If you believe that your privacy rights have been violated, we encourage you to first contact us directly so that we can attempt to resolve your concern promptly and fairly.

14.1 Contact Us First

Please reach out to us using the contact information below and describe your concern in detail. We will investigate your complaint and respond within a reasonable timeframe:

• Email: [email protected]
• Website: giordanospizza.digital

14.2 File a Complaint With Regulatory Authorities

If you are not satisfied with our response, you have the right to file a complaint with the appropriate data protection or consumer protection authority:

• California Residents: You may file a complaint with the California Privacy Protection Agency (CPPA):
  Website: cppa.ca.gov
  Email: [email protected]
• All U.S. Residents: You may file a complaint with the Federal Trade Commission (FTC) regarding unfair or deceptive business practices:
  Website: reportfraud.ftc.gov
  Phone: 1-877-FTC-HELP (1-877-382-4357)
• All U.S. Residents: You may also contact your state Attorney General's office for assistance with privacy-related complaints. Most states have consumer protection divisions that handle such matters.

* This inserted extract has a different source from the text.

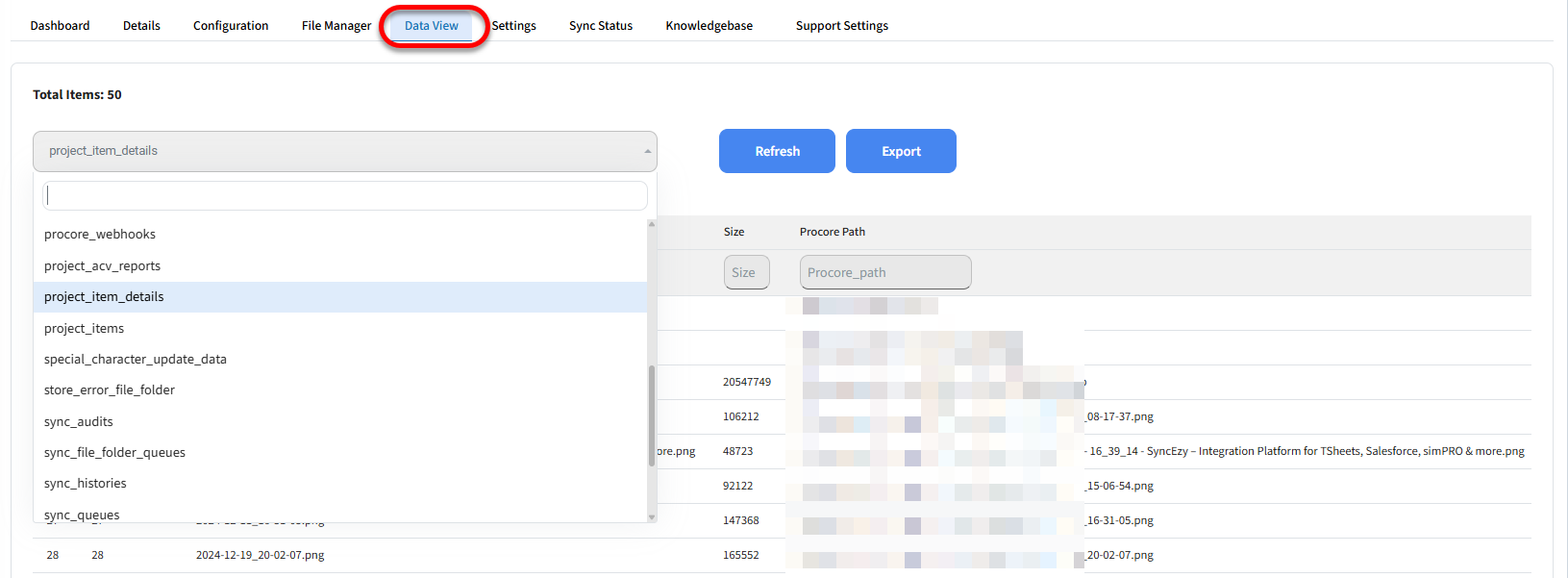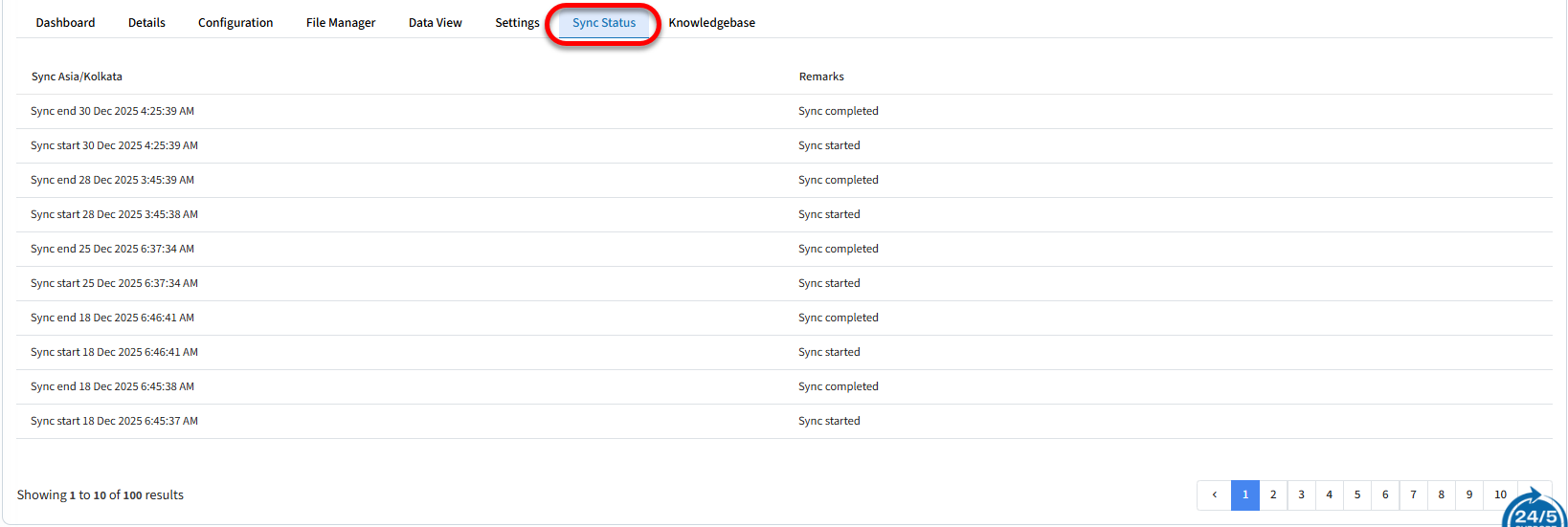 11 - Clicking on this small circled "i" shows the sync history of specific data item.

15. Changes to This Privacy Policy

We reserve the right to update or modify this Privacy Policy at any time to reflect changes in our business practices, legal obligations, or the Services we offer. When we make material changes to this policy, we will:

• Update the "Last Updated" date at the top of this policy.
• Post a prominent notice on our website informing users of the changes.
• Where required by law or where changes are significant, notify you directly via email to the address associated with your account.

We encourage you to review this Privacy Policy periodically to stay informed about how we are protecting your information. Your continued use of our Services after the effective date of any changes constitutes your acceptance of the updated policy.

16. Contact Us

If you have any questions, concerns, or requests regarding this Privacy Policy or our data practices, please do not hesitate to contact us. We are committed to addressing your privacy concerns in a thorough and timely manner.

When contacting us regarding a privacy matter, please provide sufficient detail to help us understand and address your concern, including your name, contact information, a description of your request, and, if applicable, the specific rights you wish to exercise.

We will acknowledge receipt of your inquiry within 5 business days and will make every effort to resolve your concern within 30 business days, or within the timeframes required by applicable law.